Old Lindley or Over Lindley is a hamlet in the civil parish of Stainland and District, in the Calderdale district, in the county of West Yorkshire, England. It is near the hamlet of Jagger Green, the village of Holywell Green and the town of Elland. Old Lindley has a moor called Old Lindley Moor.

== History ==
The name "Lindley" means 'Flax wood/clearing', the 'Old' to distinguish from Lindley.
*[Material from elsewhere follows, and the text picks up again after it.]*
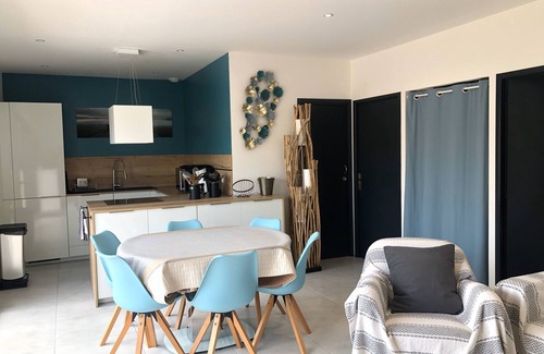 Desde una sala principal con una sala de estar: sofá con cama de 140 X 190, unidades de cocina que contienen toda la vajilla, pantalla plana y aparador bajo. Además, la cocina está totalmente equipada: congelador-nevera, cocina de inducción y horno de pirólisis, lavavajillas, lavadora, cafetera, tostadora, hervidor de agua, etc.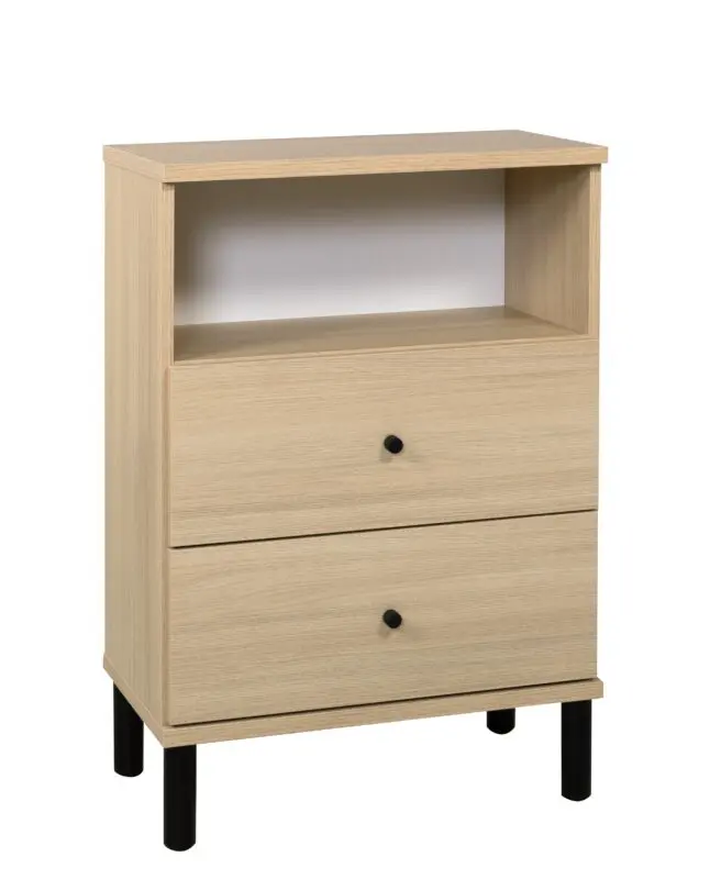 Olki Lipasto Nro 25 on kahdella laatikolla ja yhdellä avohyllyllä. Tämä näppärä laatikosto käy vaikka yöpöydäksi!

Old Lindley was recorded in the Domesday Book as Linlei/Linleie, Old Lindley was also known as "Linley(e)", "Lynley(e)", "Lynlay", Hold(e) "Lynlay", Old(e) "Lynlay", "Over Lynlay", "Linneley", "Lyndeley" and "Ouldlindley".

== Governance ==
Old Lindley was in the township of Stainland, in 1866 the civil parish of Stainland with Old Lindley was formed, on 1 April 1937 Stainland with Old Lindley parish was abolished and Old Lindley became part of Elland parish, which on 1 April 1974 became unparished. In 2017 it became part of the parish of Stainland and District.

== Landmarks ==
There is a grade II listed house in Old Lindley that is now in 3 occupations. There was a pottery in Old Lindley.